◆ What is being asked
Make an exact copy of the records, with the pictures left out.

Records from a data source
§
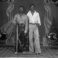 81. EAP054/1/158/245 Reference (shelfmark): EAP054/1/158/245 Title: Recreational photograph [c 1980] Scope & Content: 2 men standing behind iron grillwork Format of original: 59mm x 59mm plastic negative Collection Area: Endangered Archives Programme Languages: Not applicable Date Range: c 1980 Extent: 1 TIFF image
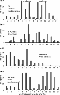 Data on 386 species with fire-stimulated flowering (fsf) in Australasia and South Africa/Madagascar were collated to show that they occur under a wide range of fire regimes, with 71% confined to the mediterranean-climate regions. About 40% only flower up to 2 years after fire (obligate), while the rest continue at a low rate until the next fire (facultative). Peak flowering occurs 5–18 months after fire in the mediterranean regions but at 1–7 months in savannas. Fsf is recorded in 34 families, headed by terrestrial orchids (45% of species), spread throughout the seed-plant phylogeny from cycads to daisies. Tuberous geophytes (essentially orchids) dominate (51%), but other resprouting growth forms include lignotuberous shrubs and forbs, rhizomatous and bunch grasses, leaf succulents, grasstrees, epicormic trees, and hemiparasites. Most have wind-dispersed diaspores (72%), store their diaspores in the soil (93%), and seeds that do not germinate until the next fire (72%). Fsf in association with resprouting takes advantage of optimal resources and minimal competition for growth and reproduction, conditions that favor wind dispersal and maximize the interval for seed accumulation before the next fire and build-up of fire-tolerant organs. Reduced herbivory has little role in accounting for its benefits. The proximal causes of fsf center around cueing factors (direct effects such as ethylene), resource factors (direct and indirect effects, e.g., extra nutrients), and predisposing factors (circumstantial effects, e.g., fire interval). The evolutionary history of fsf has been explored recently in orchids, proteas, blood roots, droseras, and mistletoes and shown to stretch back over a period of at least 50 million years, indicating that flowering in many groups has a long association with fire as an agent of natural selection.
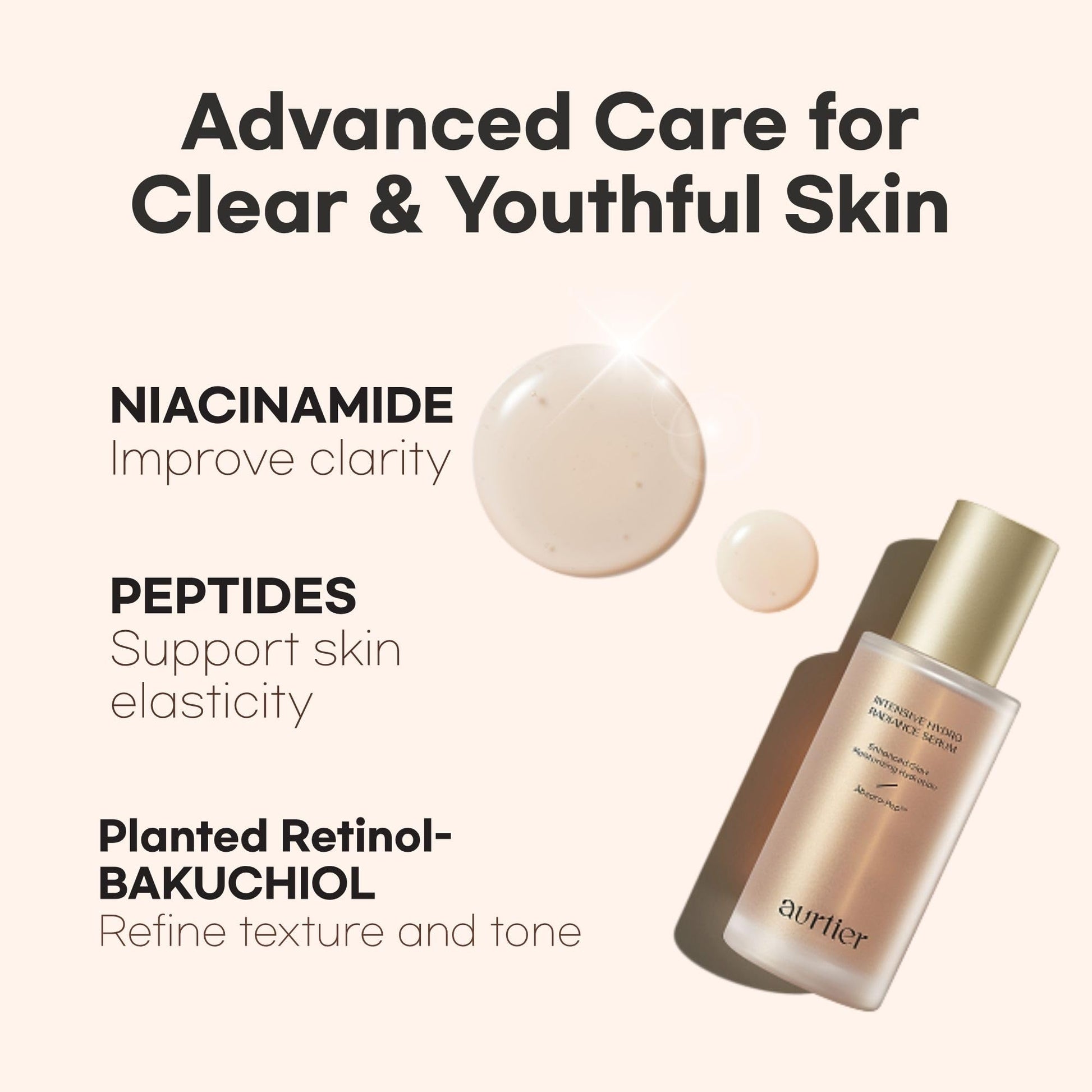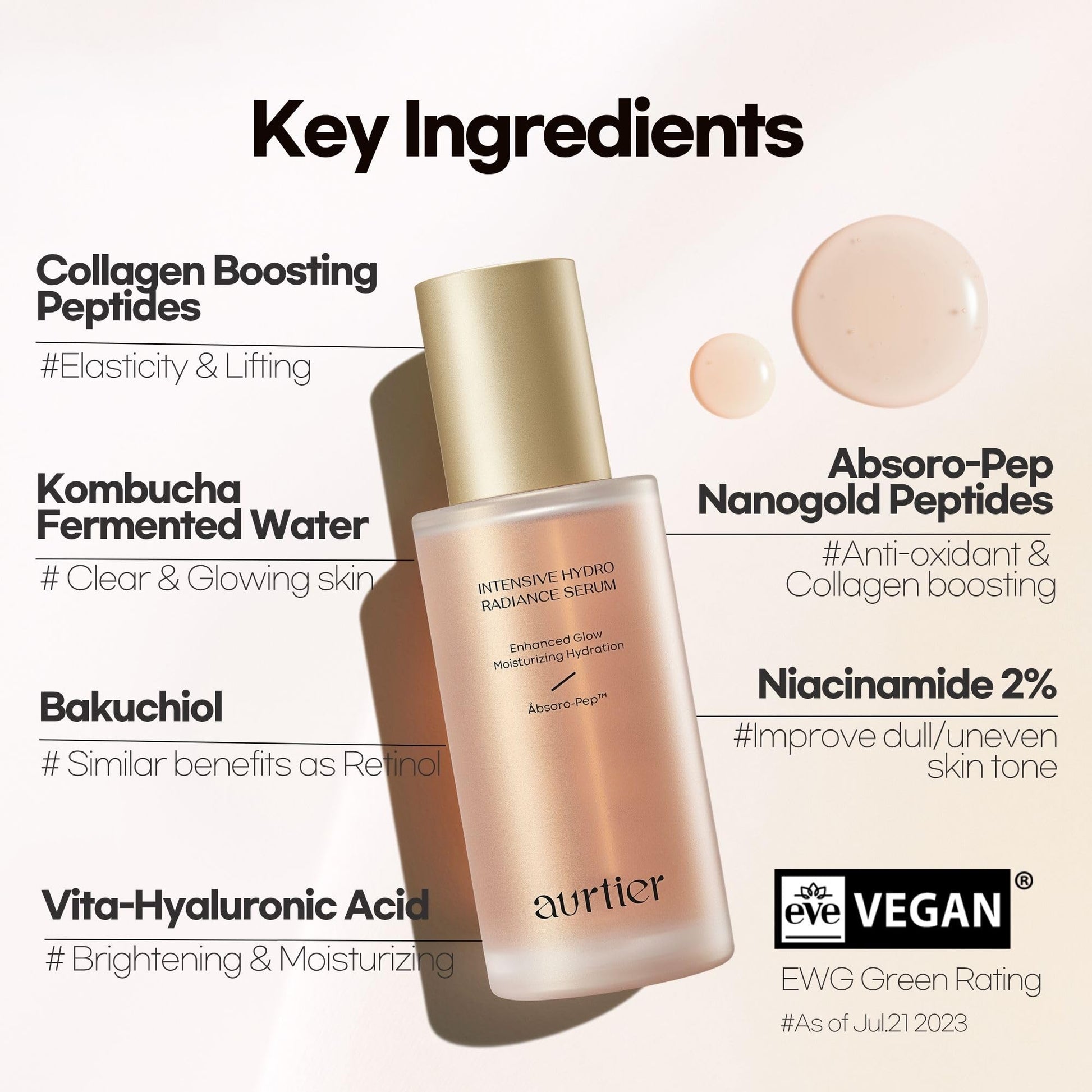 Aurtier Intensive Hydro Radiance Serum, Dewy & Deep Hydration, Glow Glass Skin, Anti-aging care with Niacinamide, Vitamin C, Collagen, Korean Skin care 1.69 fl oz
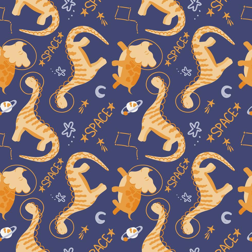 Seamless pattern with dinosaurs in space, drawn elements in a flat style. Handwritten inscription. Dinosaurs with planets on white background. Planets, stars and spaceships. Jurassic reptiles. Pro Vector
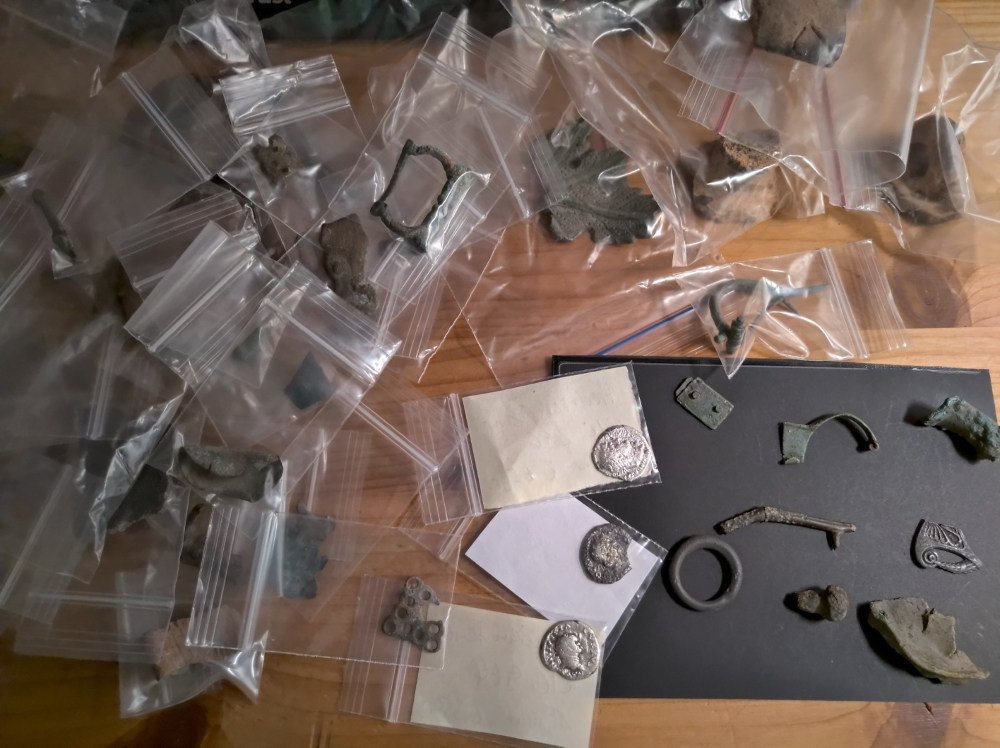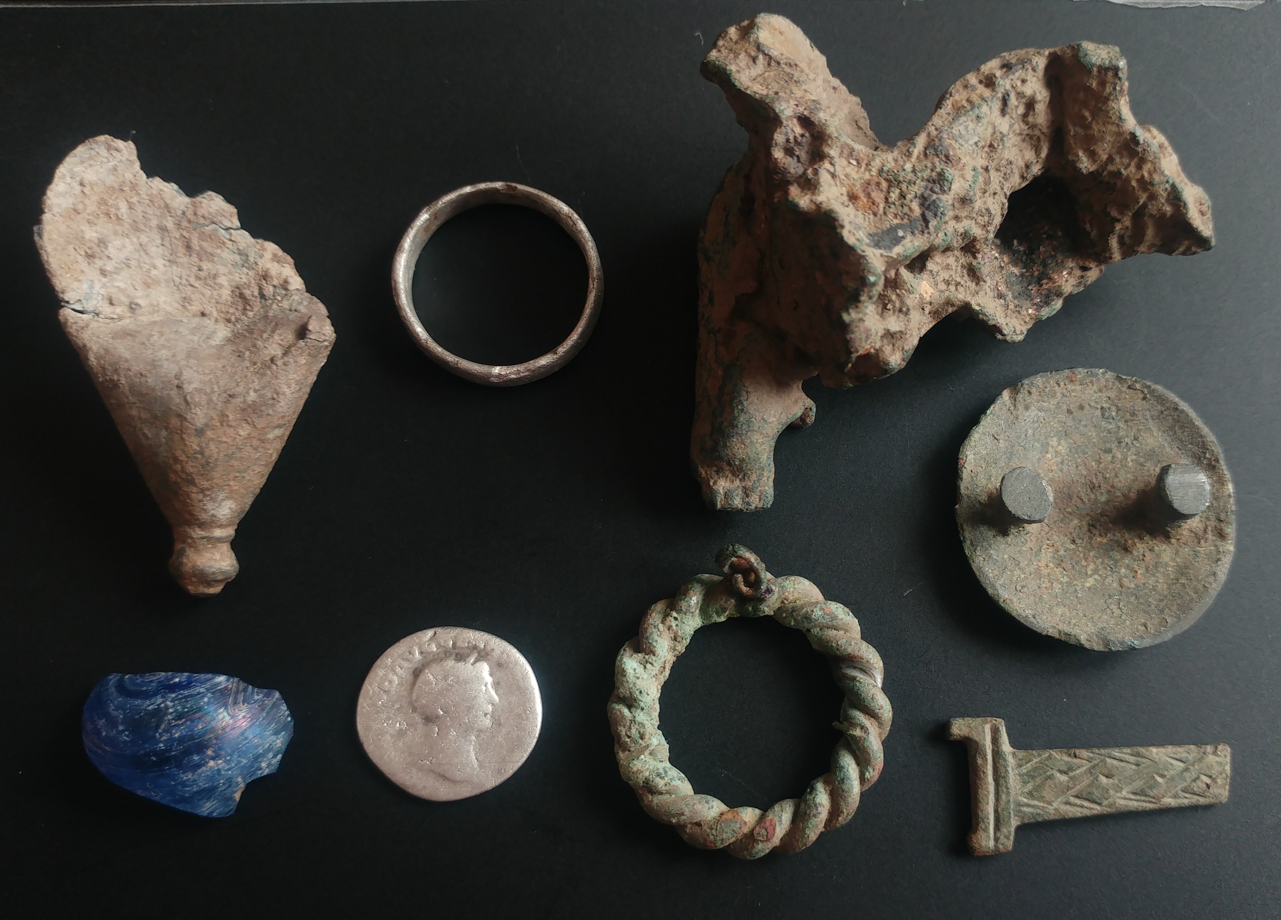 Das Gebiet um Merseburg mausert sich immer mehr zur Fundgrube. So konnte ich seit den Osterfeiertagen eine weitere Fundstelle lokalisieren. Diese liegt nur 1000 m Luftlinie zum Fundplatz des Thekenbeschlages (Sichtbereich!) und der Schleuderbleie am Saalehochufer. Diesmal fand ich einen abgegriffenen Denar des Trajan, das Fragment eines Ortbandes für einen Pugio vom Typ Künzing (2./3. Jh. n. Chr.), einen Riemenbeschlag (3. Jh. n. Chr.), das Fragment einer Schwertscheidenklemme, eine gebrochene kobaltblaue Glasperle, ein größeres Fragment einer römischen Bronzefigur sowie einen handgeschmiedetene silbernen Fingerring.
§
◆ Solution
 81. EAP054/1/158/245 Reference (shelfmark): EAP054/1/158/245 Title: Recreational photograph [c 1980] Scope & Content: 2 men standing behind iron grillwork Format of original: 59mm x 59mm plastic negative Collection Area: Endangered Archives Programme Languages: Not applicable Date Range: c 1980 Extent: 1 TIFF image
 Data on 386 species with fire-stimulated flowering (fsf) in Australasia and South Africa/Madagascar were collated to show that they occur under a wide range of fire regimes, with 71% confined to the mediterranean-climate regions. About 40% only flower up to 2 years after fire (obligate), while the rest continue at a low rate until the next fire (facultative). Peak flowering occurs 5–18 months after fire in the mediterranean regions but at 1–7 months in savannas. Fsf is recorded in 34 families, headed by terrestrial orchids (45% of species), spread throughout the seed-plant phylogeny from cycads to daisies. Tuberous geophytes (essentially orchids) dominate (51%), but other resprouting growth forms include lignotuberous shrubs and forbs, rhizomatous and bunch grasses, leaf succulents, grasstrees, epicormic trees, and hemiparasites. Most have wind-dispersed diaspores (72%), store their diaspores in the soil (93%), and seeds that do not germinate until the next fire (72%). Fsf in association with resprouting takes advantage of optimal resources and minimal competition for growth and reproduction, conditions that favor wind dispersal and maximize the interval for seed accumulation before the next fire and build-up of fire-tolerant organs. Reduced herbivory has little role in accounting for its benefits. The proximal causes of fsf center around cueing factors (direct effects such as ethylene), resource factors (direct and indirect effects, e.g., extra nutrients), and predisposing factors (circumstantial effects, e.g., fire interval). The evolutionary history of fsf has been explored recently in orchids, proteas, blood roots, droseras, and mistletoes and shown to stretch back over a period of at least 50 million years, indicating that flowering in many groups has a long association with fire as an agent of natural selection.
 Aurtier Intensive Hydro Radiance Serum, Dewy & Deep Hydration, Glow Glass Skin, Anti-aging care with Niacinamide, Vitamin C, Collagen, Korean Skin care 1.69 fl oz
 Seamless pattern with dinosaurs in space, drawn elements in a flat style. Handwritten inscription. Dinosaurs with planets on white background. Planets, stars and spaceships. Jurassic reptiles. Pro Vector
 Das Gebiet um Merseburg mausert sich immer mehr zur Fundgrube. So konnte ich seit den Osterfeiertagen eine weitere Fundstelle lokalisieren. Diese liegt nur 1000 m Luftlinie zum Fundplatz des Thekenbeschlages (Sichtbereich!) und der Schleuderbleie am Saalehochufer. Diesmal fand ich einen abgegriffenen Denar des Trajan, das Fragment eines Ortbandes für einen Pugio vom Typ Künzing (2./3. Jh. n. Chr.), einen Riemenbeschlag (3. Jh. n. Chr.), das Fragment einer Schwertscheidenklemme, eine gebrochene kobaltblaue Glasperle, ein größeres Fragment einer römischen Bronzefigur sowie einen handgeschmiedetene silbernen Fingerring.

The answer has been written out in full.